__EXTRACTED INFORMATION__.
--

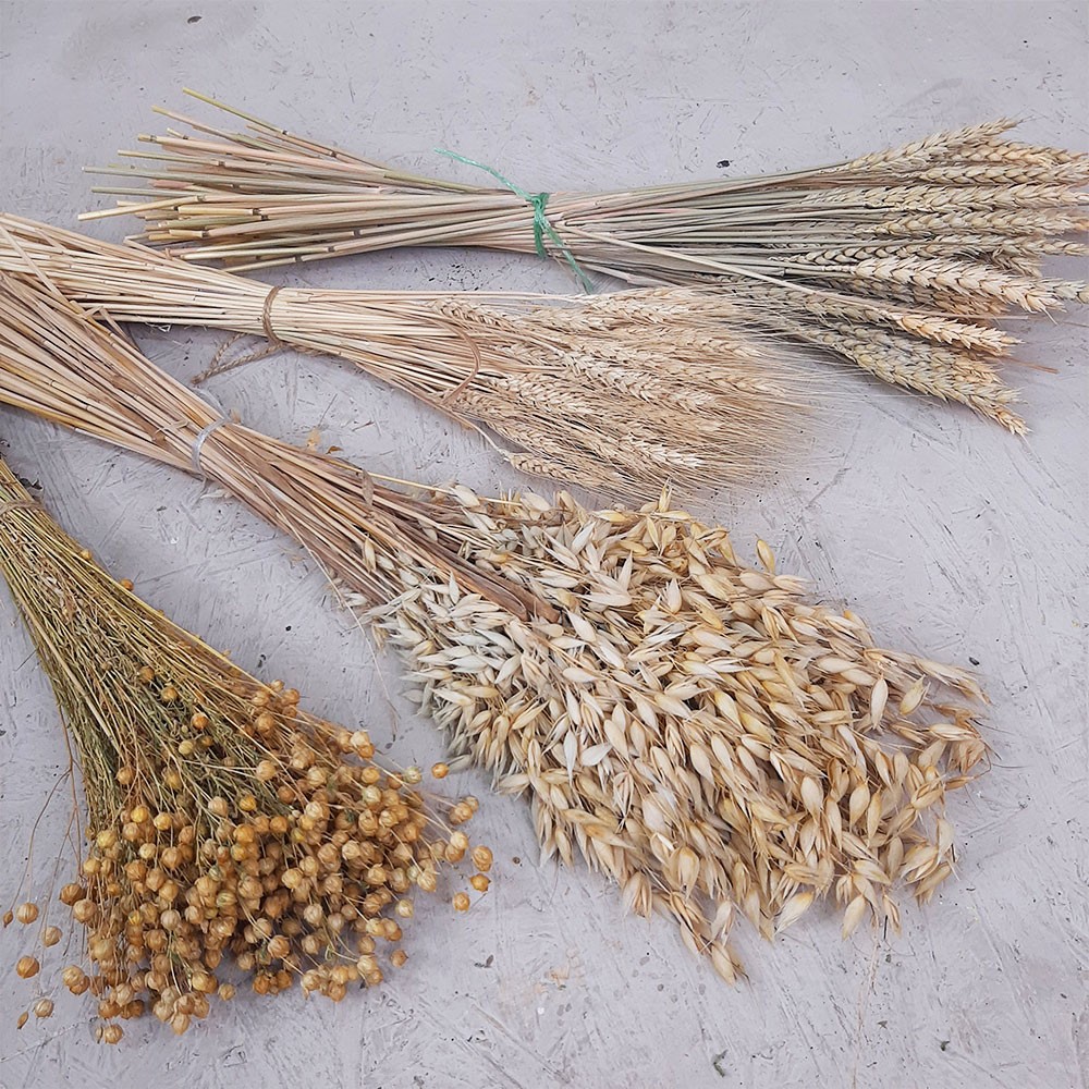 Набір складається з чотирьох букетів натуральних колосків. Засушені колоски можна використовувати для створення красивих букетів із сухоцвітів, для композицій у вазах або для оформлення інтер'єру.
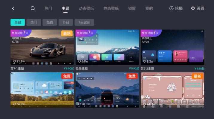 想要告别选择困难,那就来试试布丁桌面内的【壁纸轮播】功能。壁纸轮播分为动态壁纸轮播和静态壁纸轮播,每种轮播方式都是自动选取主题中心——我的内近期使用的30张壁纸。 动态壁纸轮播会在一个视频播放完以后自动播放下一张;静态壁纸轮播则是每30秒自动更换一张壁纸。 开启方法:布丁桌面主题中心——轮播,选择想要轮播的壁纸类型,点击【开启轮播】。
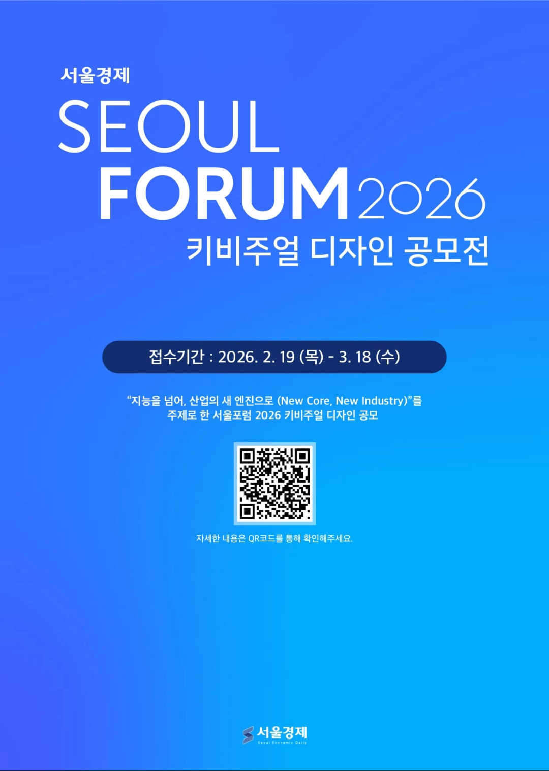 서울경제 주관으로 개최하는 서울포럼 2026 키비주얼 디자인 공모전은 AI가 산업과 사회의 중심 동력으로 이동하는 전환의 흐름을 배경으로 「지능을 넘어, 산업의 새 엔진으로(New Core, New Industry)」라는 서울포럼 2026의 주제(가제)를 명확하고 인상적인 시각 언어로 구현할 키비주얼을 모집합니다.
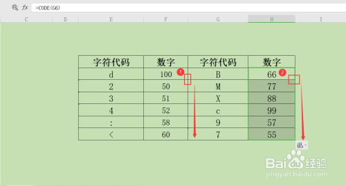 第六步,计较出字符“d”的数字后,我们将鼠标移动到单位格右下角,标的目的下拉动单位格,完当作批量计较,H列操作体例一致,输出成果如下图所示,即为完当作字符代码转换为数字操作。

--

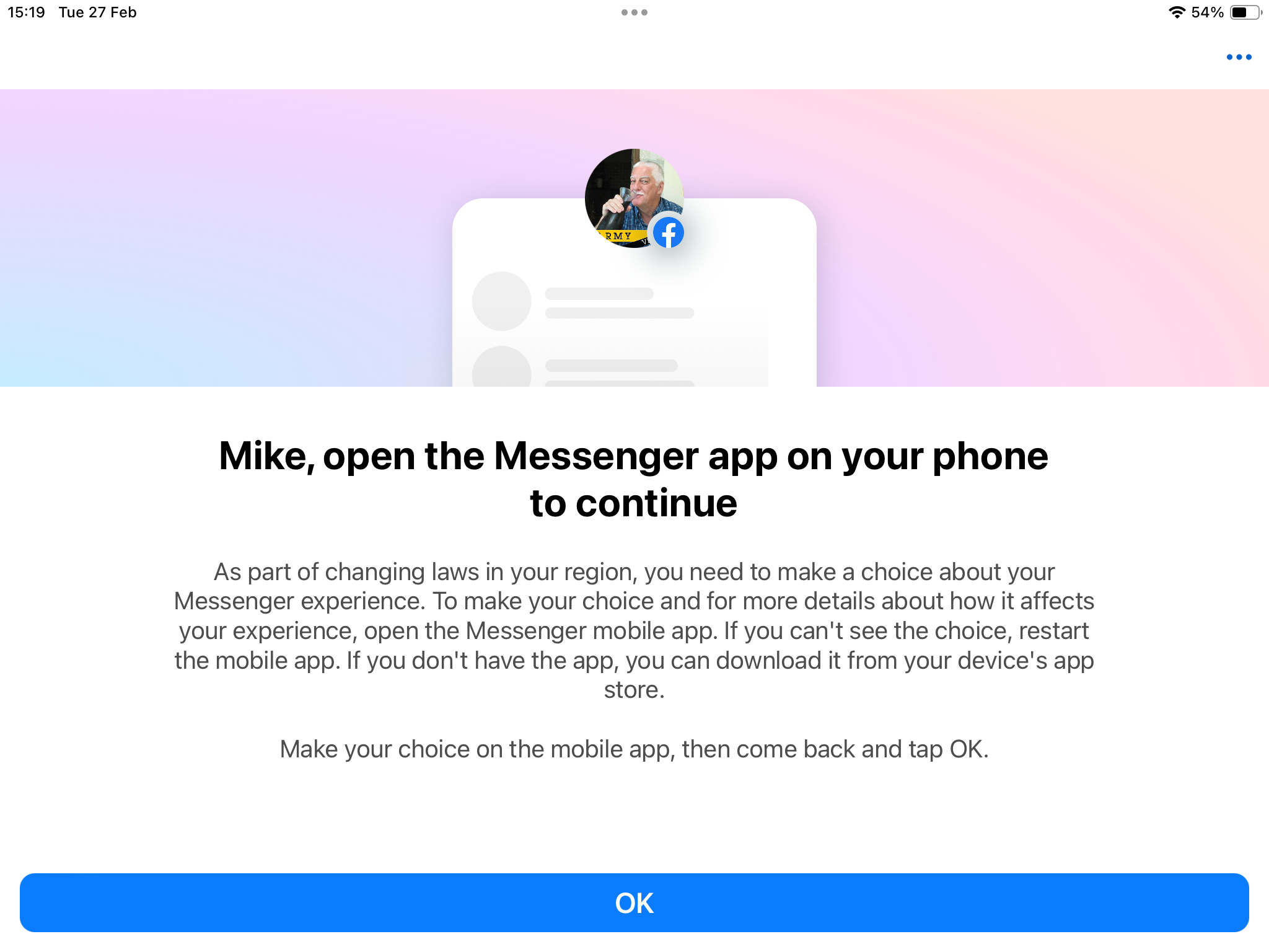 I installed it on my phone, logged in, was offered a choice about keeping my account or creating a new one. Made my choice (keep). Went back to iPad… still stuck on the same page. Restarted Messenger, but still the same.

--

__PROBLEM TO WORK ON__.
Print nothing except the lines above from the one containing "Набір складається з" down to the one containing "서울경제 주관으로 개최하는", both included, exactly as written and free of pictures.

__EXERCISE RESULT__.
 Набір складається з чотирьох букетів натуральних колосків. Засушені колоски можна використовувати для створення красивих букетів із сухоцвітів, для композицій у вазах або для оформлення інтер'єру.
 想要告别选择困难,那就来试试布丁桌面内的【壁纸轮播】功能。壁纸轮播分为动态壁纸轮播和静态壁纸轮播,每种轮播方式都是自动选取主题中心——我的内近期使用的30张壁纸。 动态壁纸轮播会在一个视频播放完以后自动播放下一张;静态壁纸轮播则是每30秒自动更换一张壁纸。 开启方法:布丁桌面主题中心——轮播,选择想要轮播的壁纸类型,点击【开启轮播】。
 서울경제 주관으로 개최하는 서울포럼 2026 키비주얼 디자인 공모전은 AI가 산업과 사회의 중심 동력으로 이동하는 전환의 흐름을 배경으로 「지능을 넘어, 산업의 새 엔진으로(New Core, New Industry)」라는 서울포럼 2026의 주제(가제)를 명확하고 인상적인 시각 언어로 구현할 키비주얼을 모집합니다.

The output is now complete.